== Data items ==
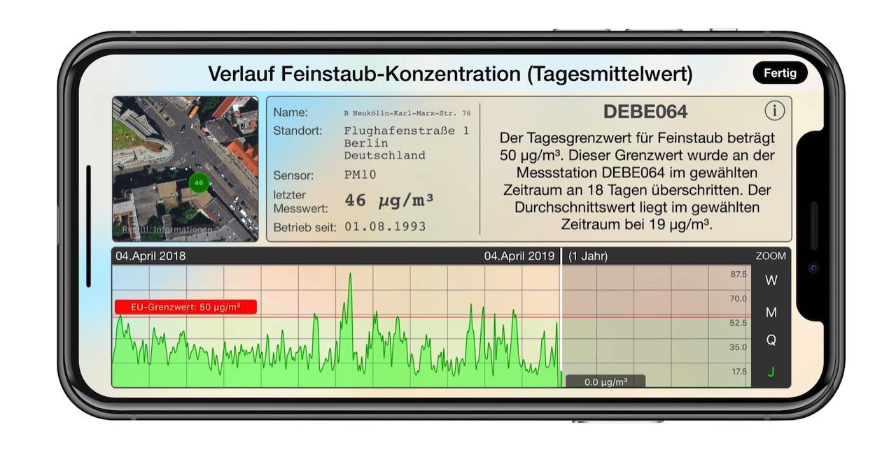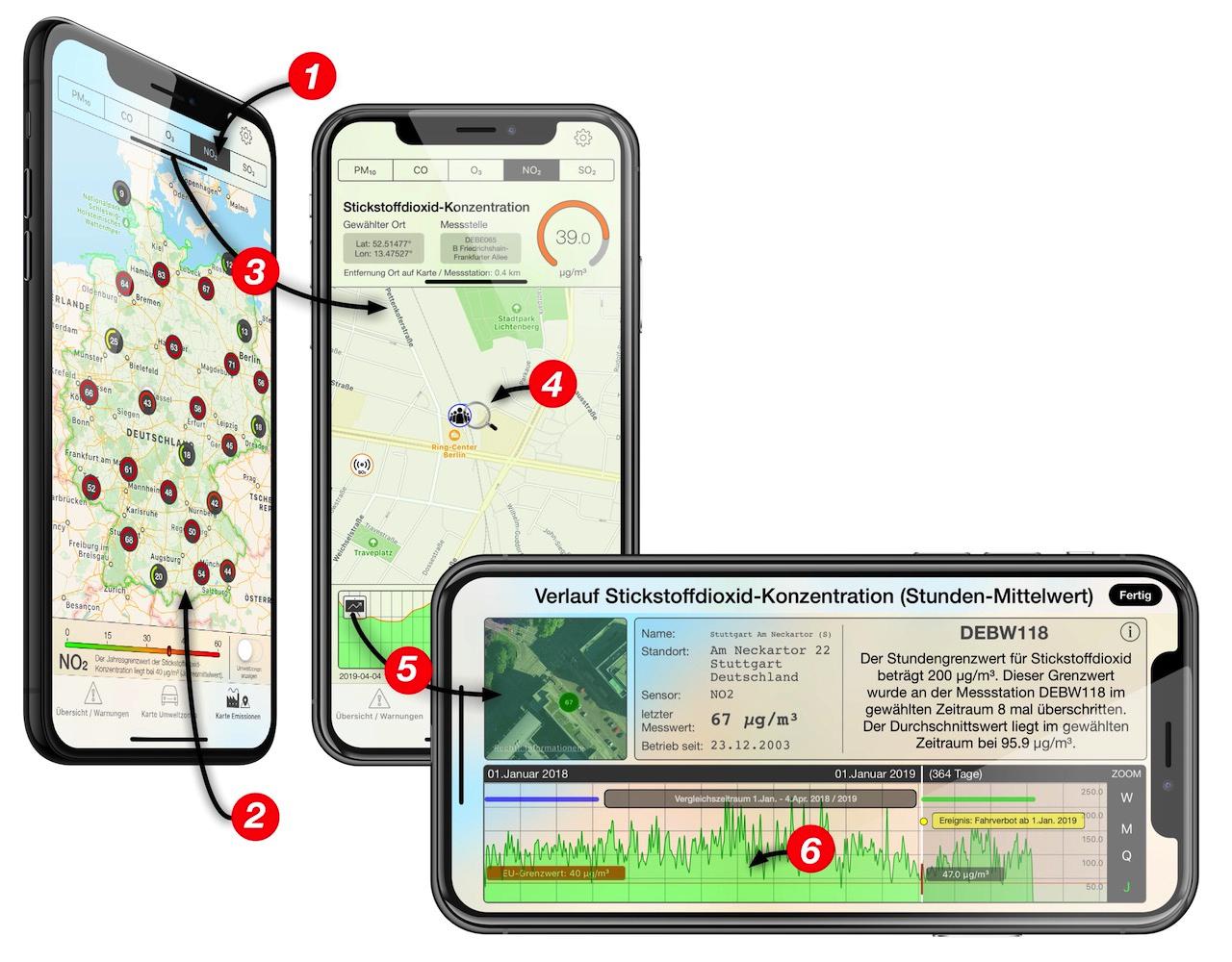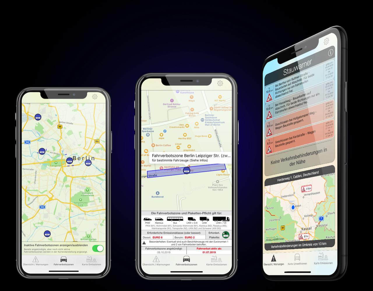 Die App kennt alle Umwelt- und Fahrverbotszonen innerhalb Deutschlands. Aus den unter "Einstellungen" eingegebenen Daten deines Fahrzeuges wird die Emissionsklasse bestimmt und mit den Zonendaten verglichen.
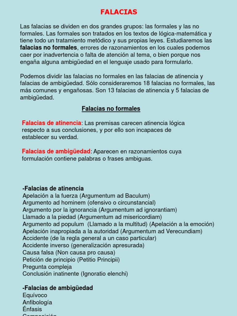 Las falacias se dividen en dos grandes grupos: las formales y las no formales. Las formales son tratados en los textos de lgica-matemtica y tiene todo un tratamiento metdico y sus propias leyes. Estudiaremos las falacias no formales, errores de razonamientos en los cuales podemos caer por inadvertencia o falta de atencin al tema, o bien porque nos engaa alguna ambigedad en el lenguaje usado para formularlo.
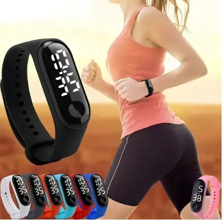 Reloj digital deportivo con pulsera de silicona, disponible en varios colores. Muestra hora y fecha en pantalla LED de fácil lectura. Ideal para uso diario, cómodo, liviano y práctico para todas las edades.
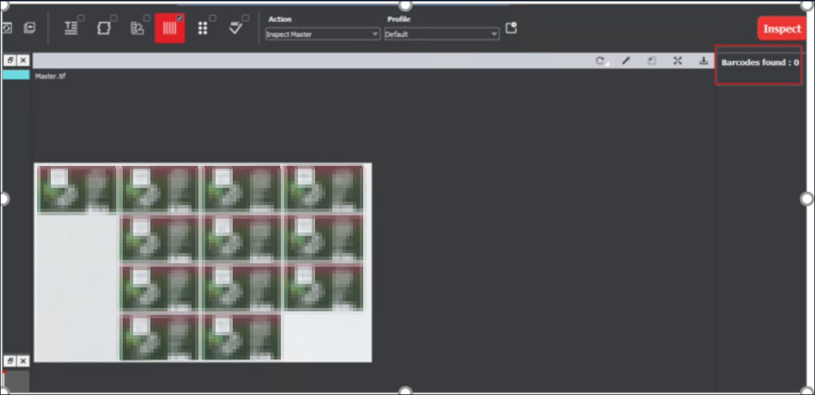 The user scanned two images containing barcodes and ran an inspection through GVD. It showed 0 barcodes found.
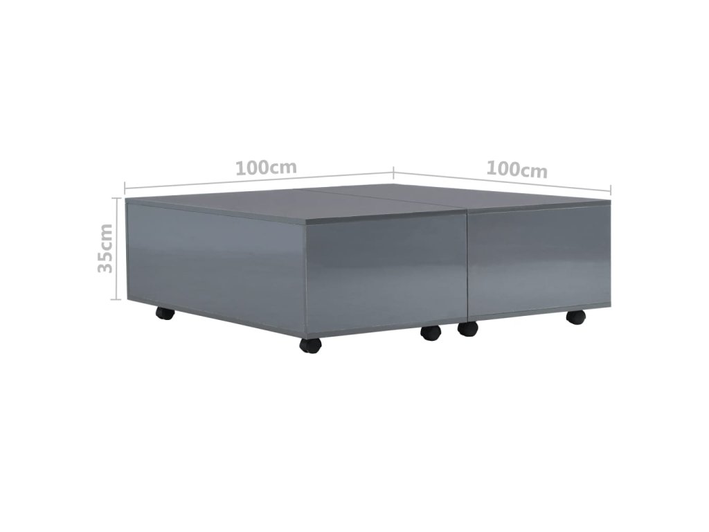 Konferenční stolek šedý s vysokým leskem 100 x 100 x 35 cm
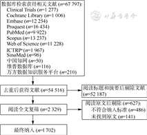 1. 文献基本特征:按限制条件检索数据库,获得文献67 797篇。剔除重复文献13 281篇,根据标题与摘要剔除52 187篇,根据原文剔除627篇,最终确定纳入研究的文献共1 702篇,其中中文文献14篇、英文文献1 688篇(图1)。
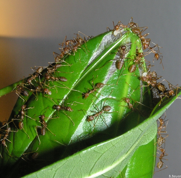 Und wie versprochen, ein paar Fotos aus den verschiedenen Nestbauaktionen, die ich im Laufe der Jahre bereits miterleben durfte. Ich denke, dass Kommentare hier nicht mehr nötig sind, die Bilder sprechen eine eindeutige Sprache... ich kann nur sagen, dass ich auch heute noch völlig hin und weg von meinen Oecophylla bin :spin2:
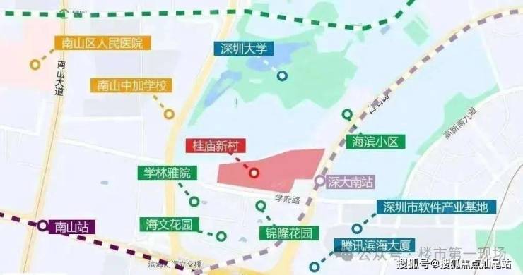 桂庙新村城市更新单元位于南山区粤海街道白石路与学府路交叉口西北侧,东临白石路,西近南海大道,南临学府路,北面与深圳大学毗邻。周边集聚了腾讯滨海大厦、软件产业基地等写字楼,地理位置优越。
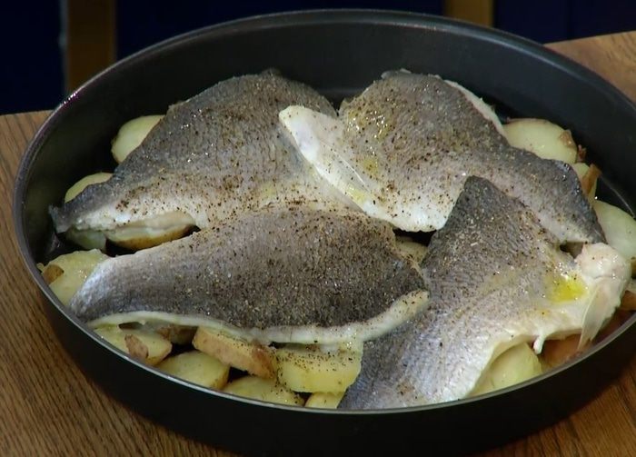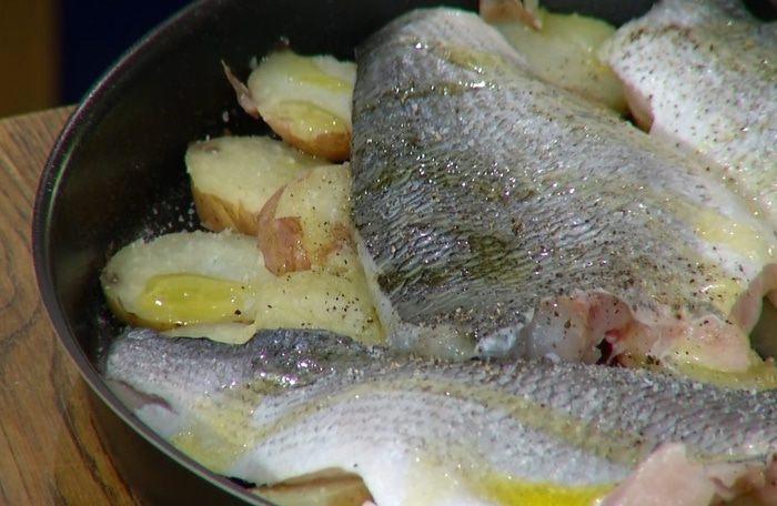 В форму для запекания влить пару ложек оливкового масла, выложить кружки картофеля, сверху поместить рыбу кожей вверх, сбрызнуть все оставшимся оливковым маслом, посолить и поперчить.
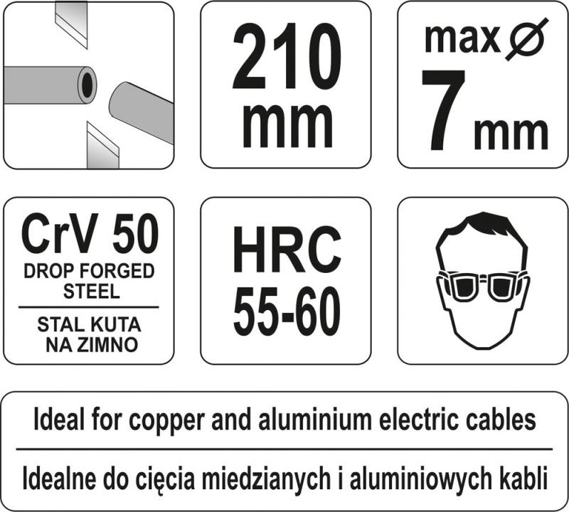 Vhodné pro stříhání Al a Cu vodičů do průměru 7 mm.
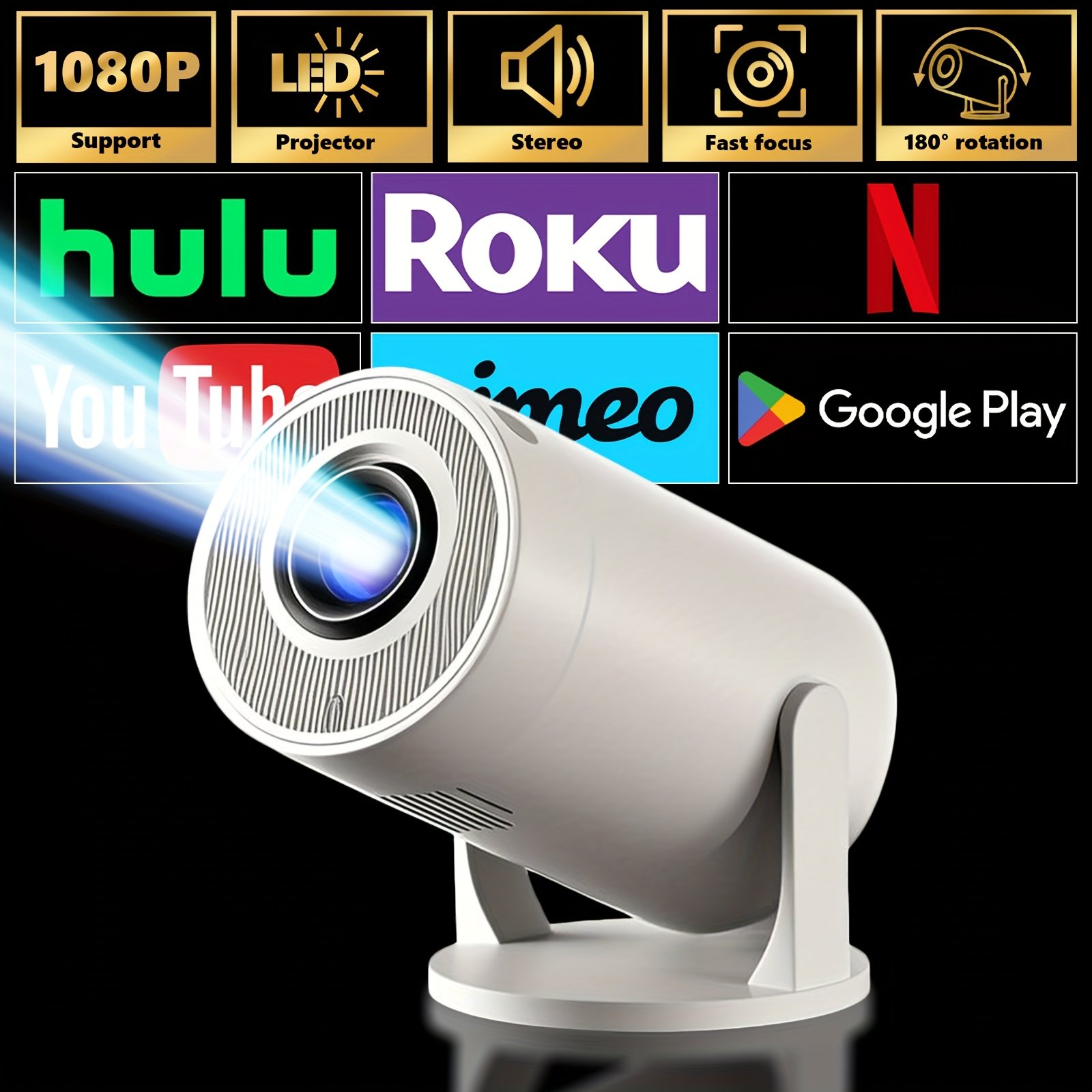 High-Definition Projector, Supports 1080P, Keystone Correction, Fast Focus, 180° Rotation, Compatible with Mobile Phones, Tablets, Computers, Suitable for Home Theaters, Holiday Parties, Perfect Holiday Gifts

== REQUIRED ACTION ==
Nothing but the records, repeated exactly and stripped of pictures, should appear in the answer.

== RESULT OF THIS EXERCISE ==
 Die App kennt alle Umwelt- und Fahrverbotszonen innerhalb Deutschlands. Aus den unter "Einstellungen" eingegebenen Daten deines Fahrzeuges wird die Emissionsklasse bestimmt und mit den Zonendaten verglichen.
 Las falacias se dividen en dos grandes grupos: las formales y las no formales. Las formales son tratados en los textos de lgica-matemtica y tiene todo un tratamiento metdico y sus propias leyes. Estudiaremos las falacias no formales, errores de razonamientos en los cuales podemos caer por inadvertencia o falta de atencin al tema, o bien porque nos engaa alguna ambigedad en el lenguaje usado para formularlo.
 Reloj digital deportivo con pulsera de silicona, disponible en varios colores. Muestra hora y fecha en pantalla LED de fácil lectura. Ideal para uso diario, cómodo, liviano y práctico para todas las edades.
 The user scanned two images containing barcodes and ran an inspection through GVD. It showed 0 barcodes found.
 Konferenční stolek šedý s vysokým leskem 100 x 100 x 35 cm
 1. 文献基本特征:按限制条件检索数据库,获得文献67 797篇。剔除重复文献13 281篇,根据标题与摘要剔除52 187篇,根据原文剔除627篇,最终确定纳入研究的文献共1 702篇,其中中文文献14篇、英文文献1 688篇(图1)。
 Und wie versprochen, ein paar Fotos aus den verschiedenen Nestbauaktionen, die ich im Laufe der Jahre bereits miterleben durfte. Ich denke, dass Kommentare hier nicht mehr nötig sind, die Bilder sprechen eine eindeutige Sprache... ich kann nur sagen, dass ich auch heute noch völlig hin und weg von meinen Oecophylla bin :spin2:
 桂庙新村城市更新单元位于南山区粤海街道白石路与学府路交叉口西北侧,东临白石路,西近南海大道,南临学府路,北面与深圳大学毗邻。周边集聚了腾讯滨海大厦、软件产业基地等写字楼,地理位置优越。
 В форму для запекания влить пару ложек оливкового масла, выложить кружки картофеля, сверху поместить рыбу кожей вверх, сбрызнуть все оставшимся оливковым маслом, посолить и поперчить.
 Vhodné pro stříhání Al a Cu vodičů do průměru 7 mm.
 High-Definition Projector, Supports 1080P, Keystone Correction, Fast Focus, 180° Rotation, Compatible with Mobile Phones, Tablets, Computers, Suitable for Home Theaters, Holiday Parties, Perfect Holiday Gifts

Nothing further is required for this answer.